Read This Week
This is my 46th Read This Week feature! If you’re new to Gradient Lair, each week (though I’ve missed a few) I post essays, articles, journal articles and/or papers of interest to me that I think will be of interest to you, based on your interest in my blog. Below are good reads:
Violence Against (Trans)Women Today by CeCe McDonald herself is an important read. She has faced a gross and disgusting injustice, where once again, self-defense was not applicable to a Black trans woman. This essay is an important read.
Sister Assata - This Is What American History Looks Like by Alice Walker is an important read! She has met and spoken with Assata Shakur on more than one occasion. She speaks to the psychological warfare, capitalism, imperialism, racism and misogynoir involved in Shakur being labeled as a terrorist in this country, someone she is NOT. Best believe that this labeling and two increases in the bounty in the last decade is psychological warfare against Black women in this country.
Framing The Panther: Assata Shakur and Black Female Agency [PDF] by Joy James is a fascinating read. She examines the similarities between Harriet Tubman and Assata Shakur in terms of rejection of the State and also examines how not being anchored by or known in relation to a heterosexual male partner that was also “icon,” impacts perception of her.
We Cannot Have It All Because We No Longer Have Dreams by Flavia Dzodan on Tiger Beatdown is an exquisite essay. She went IN! She writes: “I do have to bring up my disillusion with most of mainstream feminism. I do have to denounce this hegemonic feminist discourse that promotes success without questioning the very context in which said success is supposed to take place. I do have to protest the increasing promotion of corporate participation as a measure of “feminist achievement” and women’s prosperity. Because for as long as we do not question at whose expense we are succeeding, we are going to continue creating a deeper gap between those women who are allowed to succeed and those who never stood a chance to begin with.” READ THIS.

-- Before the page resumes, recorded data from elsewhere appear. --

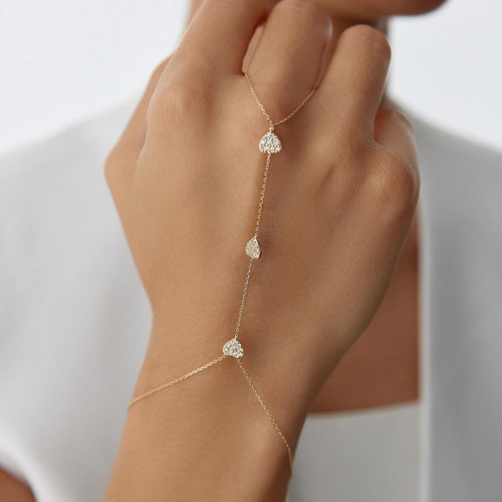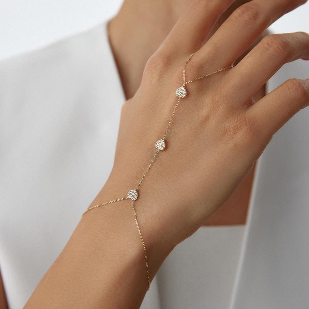 Üçlü Taşlı Altın Kalp Şahmeran Bileklik
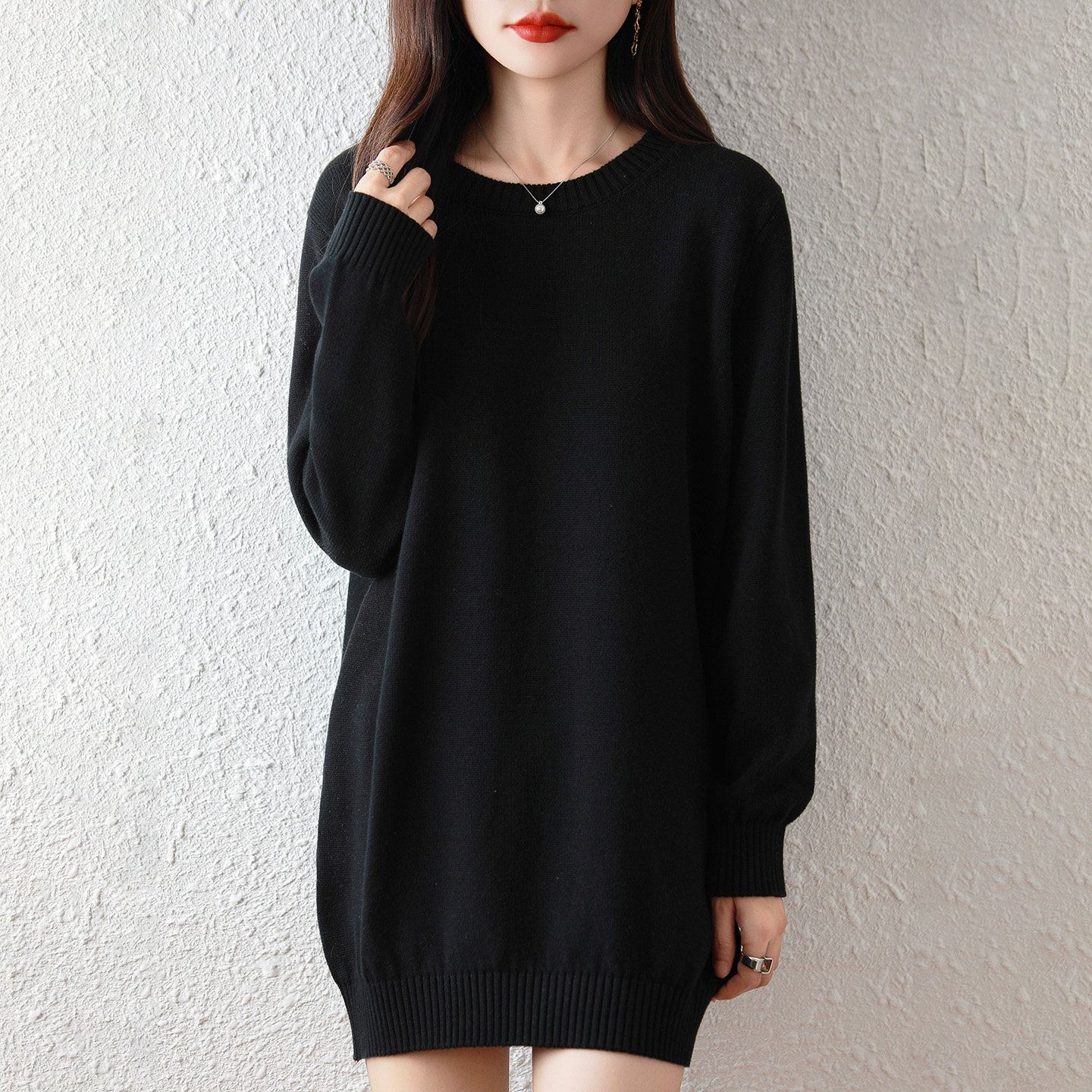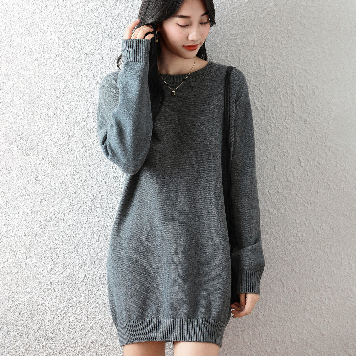 秋冬新款简约风圆领纯棉线针织连衣裙女中长款宽松显瘦打底毛衣裙
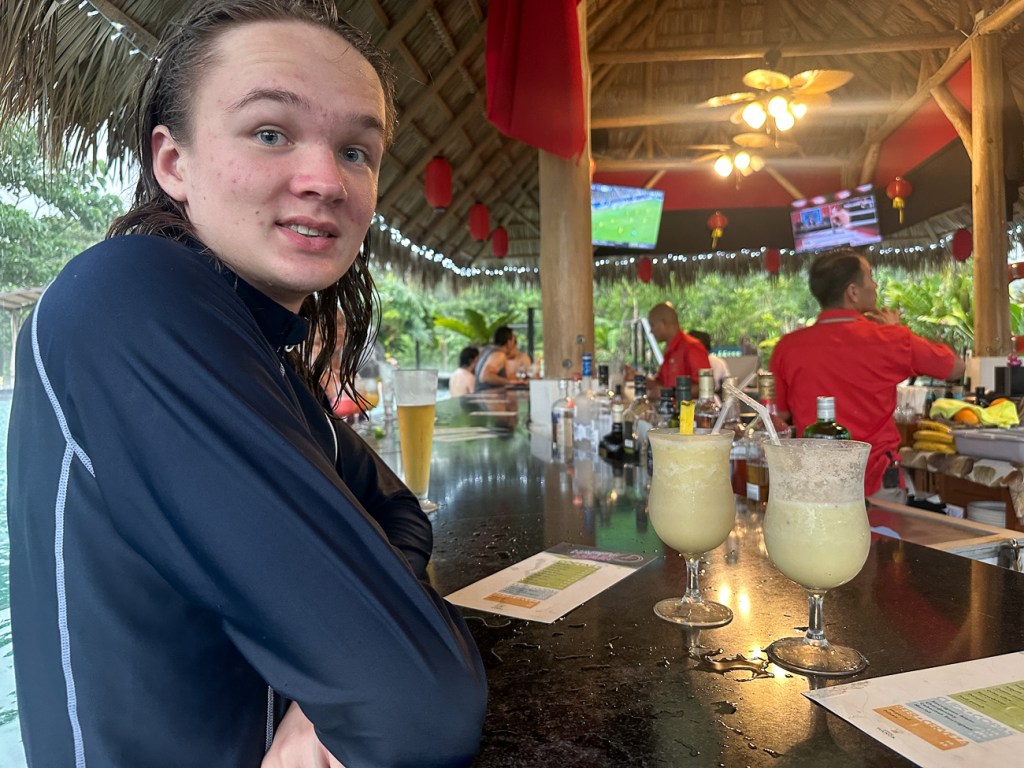 We got back to the hotel right at happy hour so we hit the thermal pool with the swim up bar. Quinn ordered his 2-for-1 Pina Colada and this is the moment he realized that they had rum in them. Oh well, I guess mom is drinking Pina Coladas.

I’ve mentioned this before, but it needs to be mentioned again, hence the suggested read below. We must STOP placing Black women in patriarchal binaries, and then calling such placement “feminist” if we worship the “positive” side of the binary. Respectability politics plus benevolent sexism are NOT feminism. In fact, they can quickly become misogynoir.
Queens of Consciousness & Sex-Radicalism in Hip-Hop:On Erykah Badu & The Notorious K.I.M. [PDF] by Greg Thomas is a good read. He explores the “consciousness without sexuality” versus the “sexuality without consciousness” binary (or in other words “queen” versus “females/bitch” binary), revealing that listeners and fans NOT the artists themselves type them as one or the other. Erykah’s music reveals a connection to the erotic just as Lil’ Kim’s music reveals thought and exploration on a variety of topics. A must-read before EVER comparing two Black women in music ever again.